調査選定の際、売上を除外しているかどうかの判断には色々な数値分析を行う。
 
最もオーソドックスなのは、売上原価の項目の数値分析である。
 
粗利益が低い、高いなどと分析するのであるが納税者もそこは心得たもの。
 
どうにかして、売上原価を圧縮する方法を考えるのである。
 
売上原価に該当しそうなものを業種別にある程度列挙してみると、、、
 
・飲食業では、お酒
・風俗業では、おしぼり
・ラブホテルは、シーツ
・サービス業全般では、人件費
    などなど、書き出すとキリがない。
 
そして、どうにかこれらの仕入を圧縮したいと考える経営者がいると、そこにニーズが生まれる。
 
お酒であれば、「上様名義」の取引により仕入を圧縮。
シーツやおしぼりも同様である。
 
ある、業者は
 「明日のおしぼり100本ね!!」
と受注を受けると、暗黙の了解で、
倍の200本持って来るというサービス(?!)で爆発的に業績を
伸ばしたところがある程だ。
もちろん請求書も100本の請求書で発行するが集金は現金で「倍」である。
 
しかし、田端が知っているということ=その取引が当局に「発覚」したということである。

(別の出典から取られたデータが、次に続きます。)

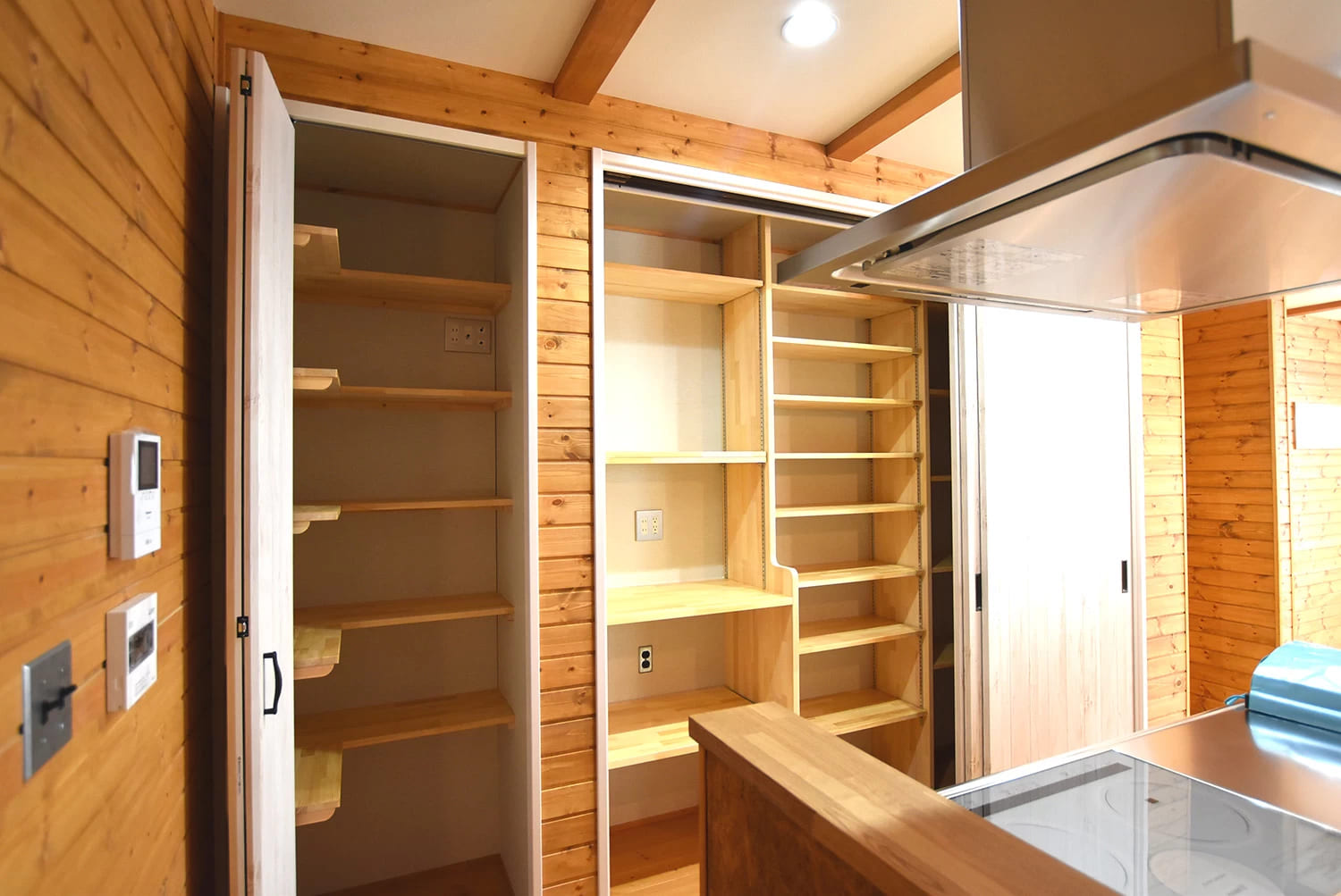 食器や家電を置くカップボードはキッチン後ろの収納に造作で。来客の際には扉を閉めると、生活感を出すことなく、スッキリ見せることができます。

後日、その業者を使用している取引先は「一網打尽」となったのは言うまでもない。
はり、脱税はいつか必ずバレるのである。
これとはまた別の話になるが、
納税者は調査官の目を欺くために、前述した通り様々な手法を使い
「事業規模」を圧縮し、税務署と壮絶な化かし合いを展開するのであるが、
どうしても隠せないものがある。
「水道光熱費」である。
(メーターを改造して水道光熱費を安くした、という新聞報道がありましたが、、犯罪です)
特に、サービス業や製造業など、売上に比較的直結する業種であれば顕著である。
 
例えば、理容美容業の場合、、、
 
仕入といえばシャンプーや化粧品の類しかないため圧縮は比較的容易である。
 
また、メインの人件費の圧縮に関しても同様である。
 
しかし、水道光熱費だけは、正直である。
水道局や、関西電力に依頼し、メーターを2つ取り付けることをすれば話は別であるが、
そんな話は聞いたことがない。
 
そこで、水道光熱費を売上が同規模の同業者を並べてみると、、、
 
売上に対する水道光熱費の比率が全く異なったものとなる。
例えば、同業者が3~4%で推移している中、10%を超える水道光熱費が
計上されている決算書は異様なオーラを放つ。
至急、外観調査や場合によっては内偵調査を行い、
業態を確認し、調査が必要かどうかを判断する。
同業他社と比べて単価が安い大衆理容などであった場合
その比率は全く意味を為さないため、この場合外観調査は非常に重要である。
、、、といった具合に決算書上で選定され、調査着手。
 
現金管理の状況や、直近の売上、時には内偵調査時の客数との整合性などから
売上の管理体制をチェックし、申告売上金額に信憑性がないと断定された場合、
推計課税となるのである。
もちろん、同業者の水道光熱費で「逆算」がセオリーである。。。